- WHAT IS EXPECTED:
Could you output every record below exactly, leaving out the pictures?

- DATA IN THIS EXERCISE:
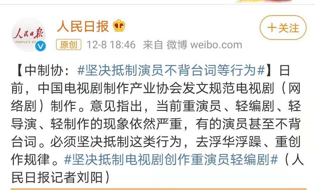 不過最近中制協終於發話,在發文中提到,當前影視劇重演員,輕編劇,輕導演,輕制作的現象依然嚴重,有的演員甚至不備台詞。必須堅持抵制這種行為,去浮華浮躁,重創作規律。
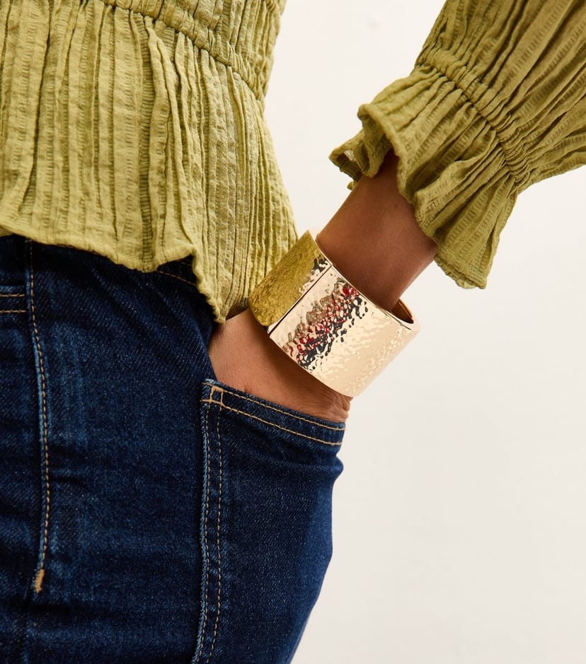 Elegant gold tone hammered texture cuff bracelet by New Look. Perfect for adding a chic touch to sleeveless and strapless outfits. Features a chunky design and hinge fastening for easy wear.
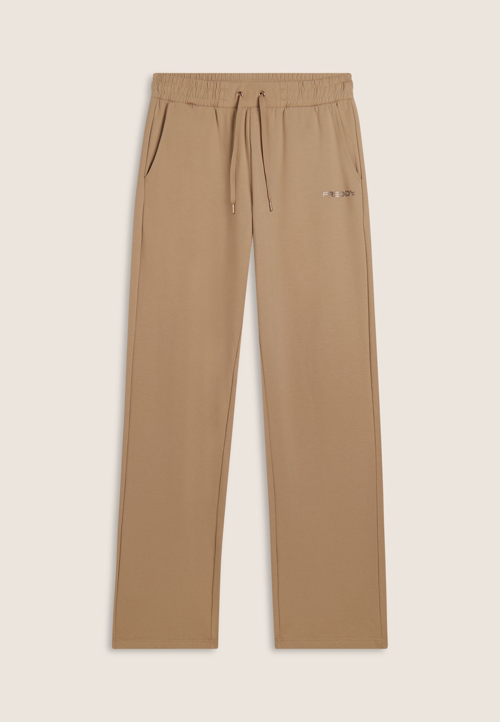 Pantaloni donna in felpa garzata elasticizzata con vestibilità regular e gamba dritta. Vita regular con elastico interno e coulisse per una regolazione comoda. Il modello è completato da tasche alla francese e piccolo logo FREDDY stampato sul fianco sinistro
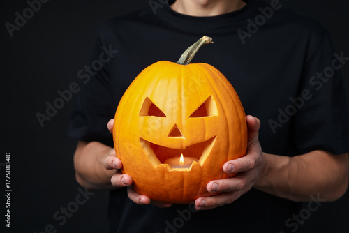 Halloween celebration. Man with jack o'lantern pumpkin on black background, closeup
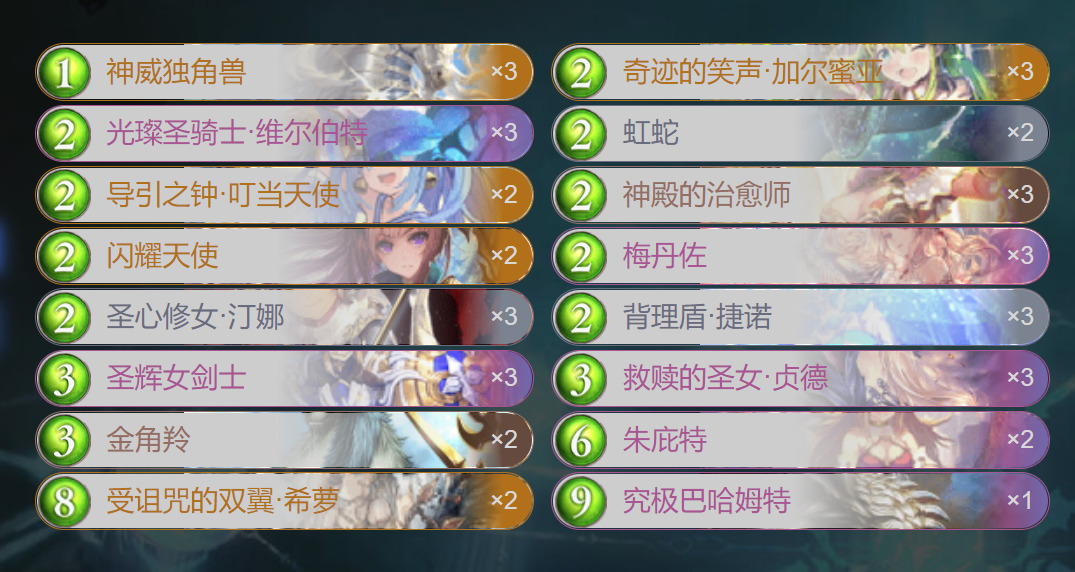 守护教的优势在于下限高,稳定,抽牌手段也不少,返场铺场能力优秀。

- TASK RESULT:
 不過最近中制協終於發話,在發文中提到,當前影視劇重演員,輕編劇,輕導演,輕制作的現象依然嚴重,有的演員甚至不備台詞。必須堅持抵制這種行為,去浮華浮躁,重創作規律。
 Elegant gold tone hammered texture cuff bracelet by New Look. Perfect for adding a chic touch to sleeveless and strapless outfits. Features a chunky design and hinge fastening for easy wear.
 Pantaloni donna in felpa garzata elasticizzata con vestibilità regular e gamba dritta. Vita regular con elastico interno e coulisse per una regolazione comoda. Il modello è completato da tasche alla francese e piccolo logo FREDDY stampato sul fianco sinistro
 Halloween celebration. Man with jack o'lantern pumpkin on black background, closeup
 守护教的优势在于下限高,稳定,抽牌手段也不少,返场铺场能力优秀。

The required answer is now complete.